Profile of an Employer: A St. Louis Regional Case Study
Kevin Kast, Former President and CEO of SSM Healthcare
“The median income for St. Charles County is $62,000, while 53 percent of employees at SSM St. Joseph earn less than $40,000 per year.”
This was Kevin Kast’s reality when he was the president and CEO of SSM St. Joseph Health Center in St. Charles, Mo., until his retirement earlier this year. It is why he would wake up at night with concerns as to whether or not his maintenance crews were able to handle, for instance, emergency bathroom repairs. He knew that these low-wage hospital employees were critical to the health and safety of his institution. Yet he also knew they lived far from work and were not always able to easily make the commute.
Housekeepers, nurse’s aides, secretaries, maintenance workers, technicians, social workers, supervisors, and managers, along with other staff members at SSM St. Joseph, have a difficult time finding housing in an area where a home costs more than four times their yearly salary.
“The average new home price is $200,000; that’s a $60,000 increase in less than eight years. With the population growing by 10,000 new residents annually since 2000, the price of housing continues to go up.”
As he points out, people tend to shop where they live, so St. Charles County is losing sales tax income by not making affordable housing available to its workers. Kast is also concerned about how invested a worker is in a community that he or she cannot live in.
“How invested can a teacher be in teaching your children in a school where his or her own child is excluded because of income level?”

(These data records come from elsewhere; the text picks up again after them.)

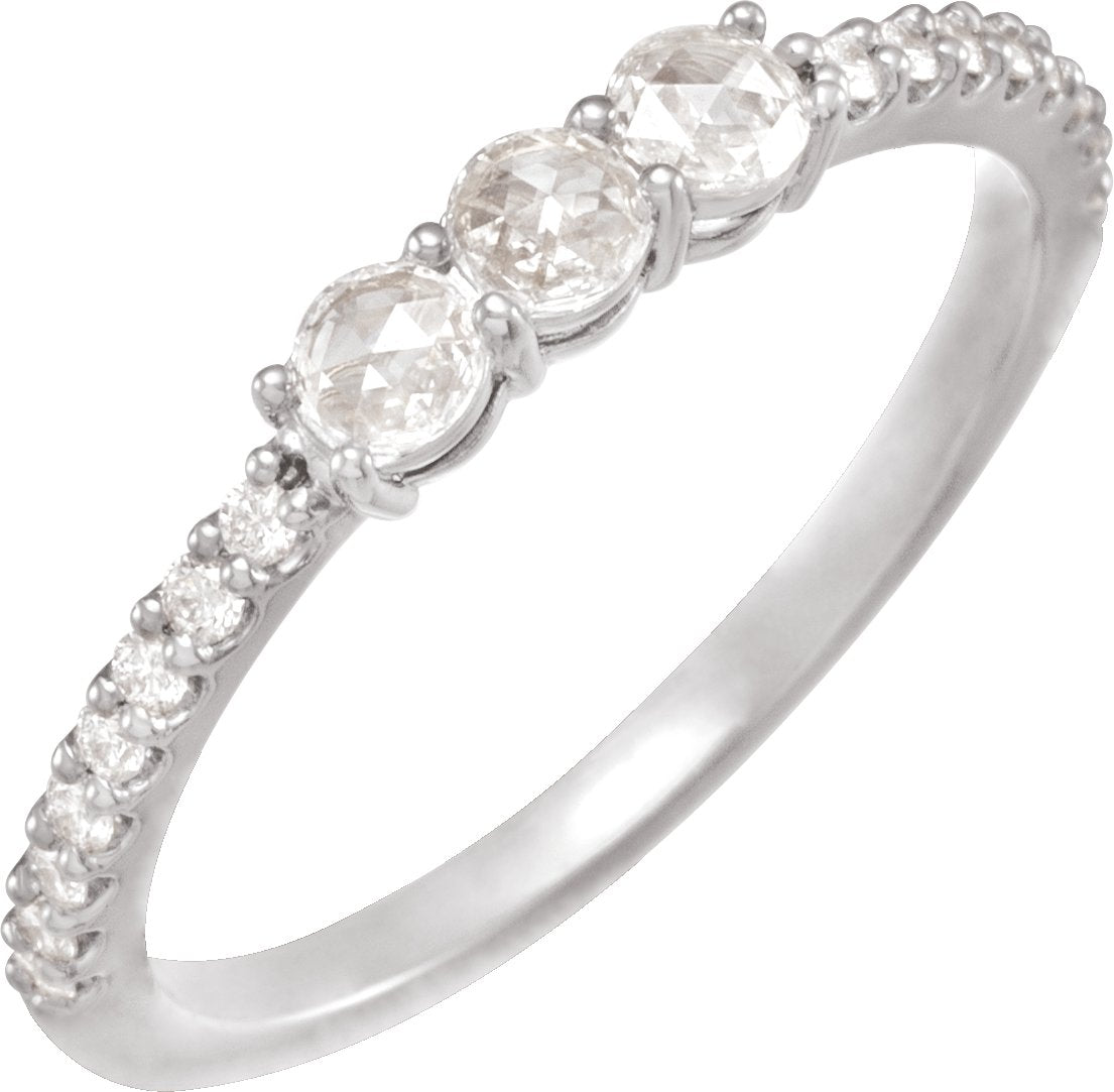 14K White 1/3 CTW Natural Rose-Cut Diamond Three-Stone Anniversary Band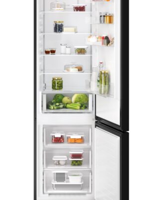 Frigorífico Combi Serie 8000 Cooling 360° de 202 cm x 60 cm, Twintech No Frost con Metal Multiflow, display digital LED en el interior, cajón ExtraChill, luces LED, tirador integrado, puerta plana Cristal Negro Mate.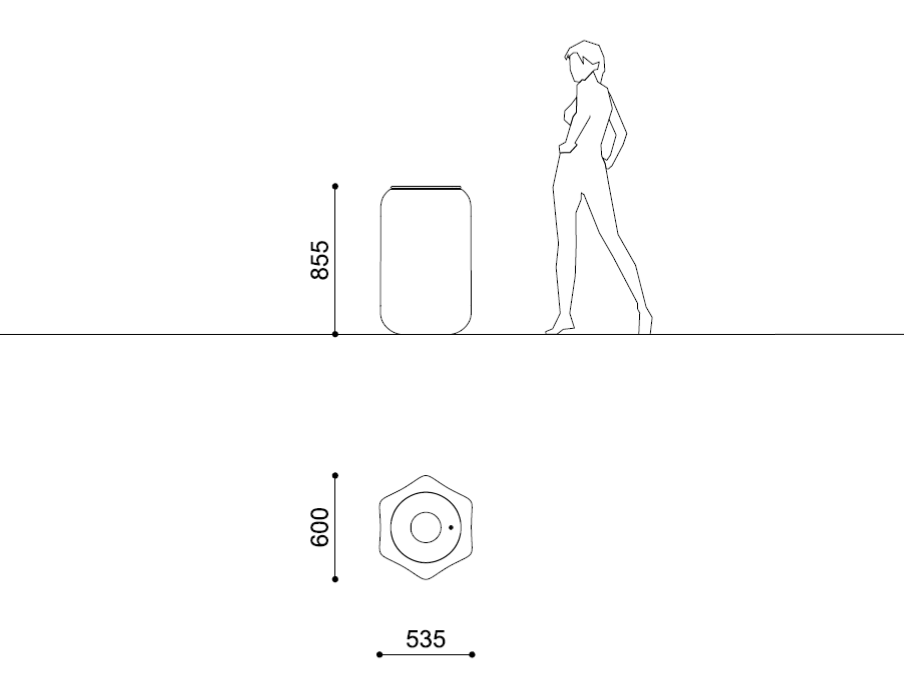 Der Edelstahl Deckel ist mit einem Schnappschloss ausgestattet und verfügt über eine zentrale Einwurföffnung. Der Abfallbehälter ist zudem mit einem Sackhalterring ausgestattet.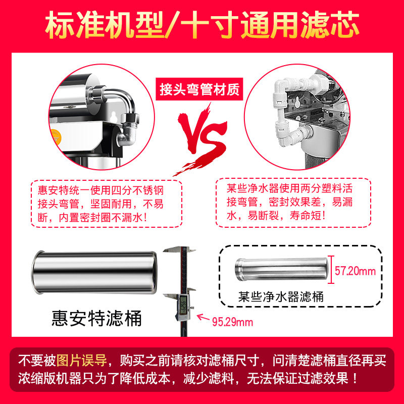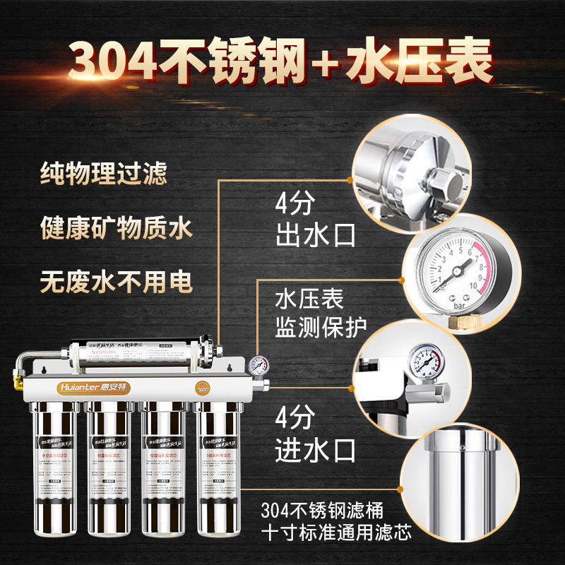 📚 惠安特304不锈钢超滤净水器家用10寸滤芯款厨房洗菜做饭过滤水碱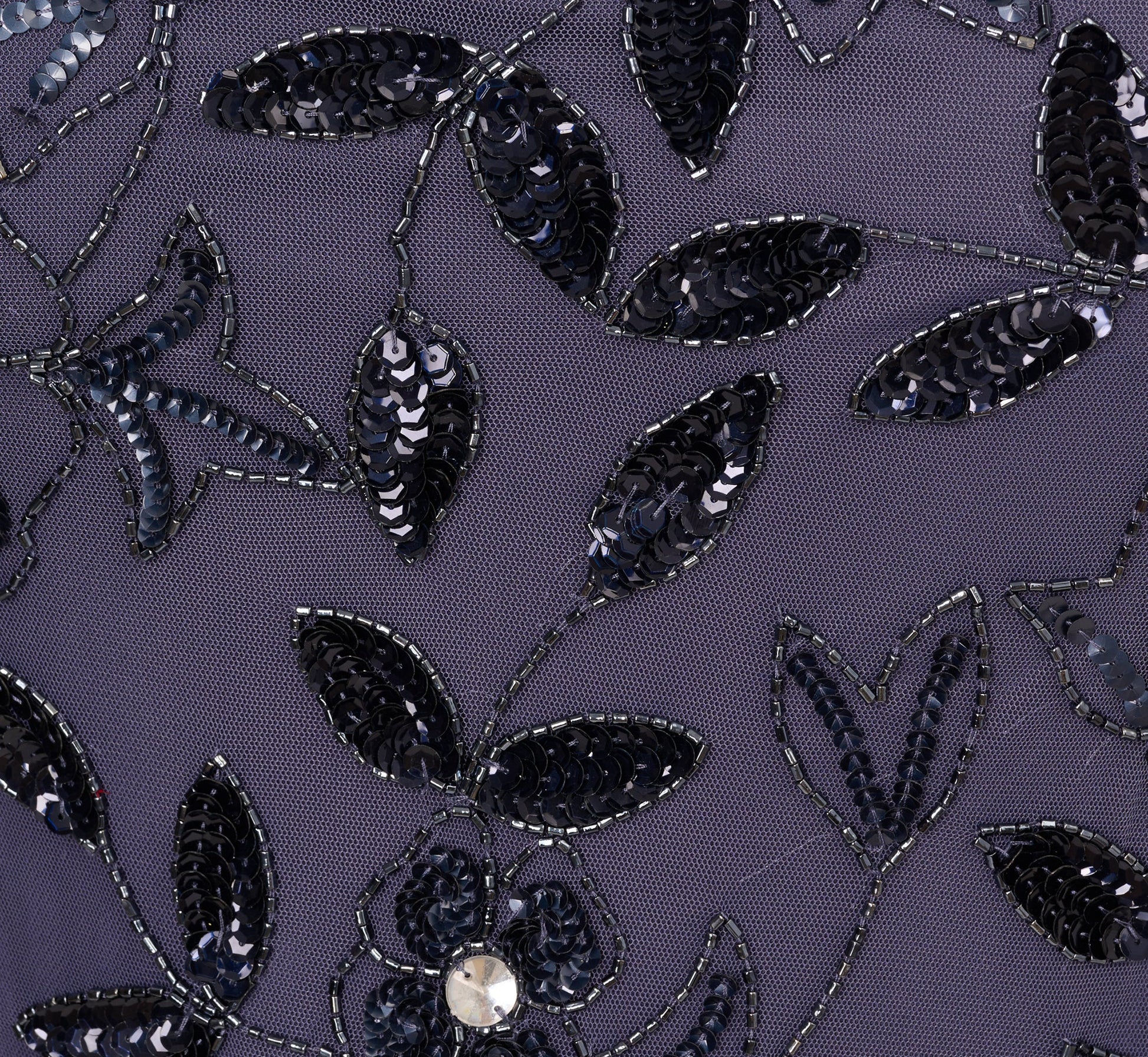 Plus Size Hand Beaded Short Sleeve Floral Godet Gown In Smoky Peri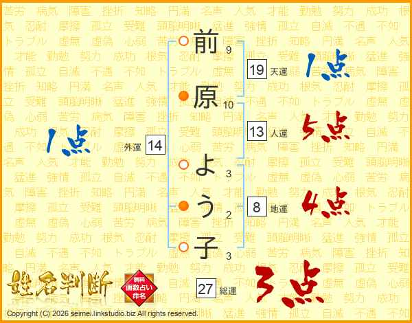 生活面を象徴する運勢です。外部から受ける影響力を表し、結婚運、家庭運や職場、環境への順応性を表します。総運から人運を引いた画数。姓や名が1文字の場合を除く。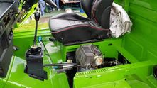 Судя по всему, проект еще не завершен: в салоне явно не хватает некоторых элементов. Но уже сейчас можно увидеть, что водительское место мало отличается от стандартных микроавтобусов. Разве что привод коробки передач теперь выполнен иначе.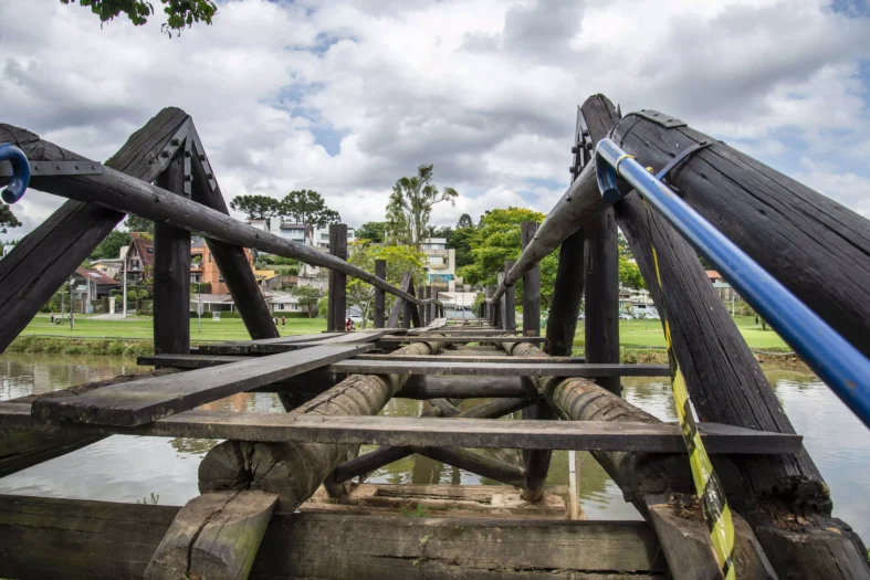A ponte de madeira para pedestres do Parque Barigui, que faz a ligação da ciclovia da Rua Doutor Aluízio França…

Kast says it is time for everyone in the St. Louis region to realize the critical importance of becoming a place where all front-line workers have the opportunity to live with us as neighbors as they serve in our communities. He points out that it is time for everyone to become passionate about this issue and to get involved in solutions.
Based on comments made to the task force on January 19, 2005, and on his letter to the editor in the Suburban Journals, “Workforce Needs Affordable Housing,” January 23, 2005.